“Epoch Times, January 20, 2026 News” – “Hoping for one’s son to become a dragon and for one’s daughter to become a phoenix” is almost a common wish shared by all Chinese parents. In order to provide their children with a better future, many parents spare no effort in sending their children to study at prestigious schools in the United States, hoping that they will work harder and excel. However, when parents raise their children with traditional Chinese values while the children are growing up in Western society, a cultural gap gradually widens, leading to sharp parent-child conflicts and even pushing children to the brink of suicide.
“In America, act like Americans, in China, act like Chinese, but under no circumstances should you come to America and act like a Chinese person,” this conclusion was drawn by Andrew Young after years of observation.
Andrew Young is the founder of the organization CLUB USA “Save Our Students / Support Our Students (S.O.S.),” focusing on the mental health and suicide issues among Chinese-American youth. He is a third-generation Taiwanese American who studied at Cornell University and delved into learning Chinese and Chinese culture due to his anthropology studies.
Young pointed out that the psychological conflicts experienced by many Chinese-American children do not suddenly appear during adolescence but are unknowingly “transmitted” to the children by their parents even before the parents are aware of it.
“This contradiction, like DNA, already exists before the child is even born,” he told Epoch Times.
In Young’s eyes, some Chinese immigrant parents in the U.S. live in an ongoing self-contradiction.

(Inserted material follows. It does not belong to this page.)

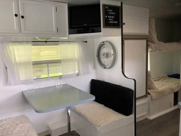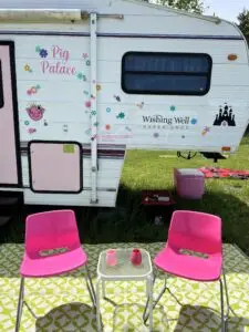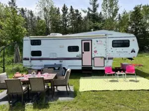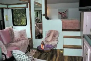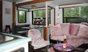 Our gorgeous trailer has a queen size bed, fold down bed, bunk beds and space to relax and watch a movie, or play a game.

On one hand, they choose to settle and work in the U.S., demanding their children to receive an American education; on the other hand, they consistently refuse to truly integrate into American society in terms of values.
“Many children have told me, why do their parents criticize everything about America while expecting them to excel here?” Young expressed, this inconsistency leaves children confused about their identity.
Chinese-American parents working in Silicon Valley may appear successful on the surface but actually face a tough glass ceiling in the workplace. This sense of frustration often translates into high expectations for their children. Young observed that many parents project their unfulfilled regrets onto their children, viewing “getting into a top ten school” as the only way to change destiny.
However, such expectations often overlook the cultural and psychological costs borne by the children. Growing up with an American passport but being taught to become “second-class citizens,” children face deep-rooted conflicts within themselves.
Young previously worked as an admissions officer at Cornell University and interacted with outstanding students from around the world. He found that a concerning phenomenon is the concentration of mental crises in elite institutions.
For example, within just four months in 2019, Stanford University processed dozens of SOS cases and set up multiple Safe Houses involving Chinese-American students of various nationalities, highlighting the high concentration of psychological risks in elite environments.
“No matter where you were born or grew up, as long as you speak Chinese, eat Chinese food, and celebrate Chinese holidays, you are considered Chinese,” Young stated, the issue is not about nationality but culture. When you try to be Chinese in America but are also pushed to enter top American universities where elites gather, conflicts are amplified.
During student interviews, Young often asks a seemingly simple question, “What did you eat for Thanksgiving?”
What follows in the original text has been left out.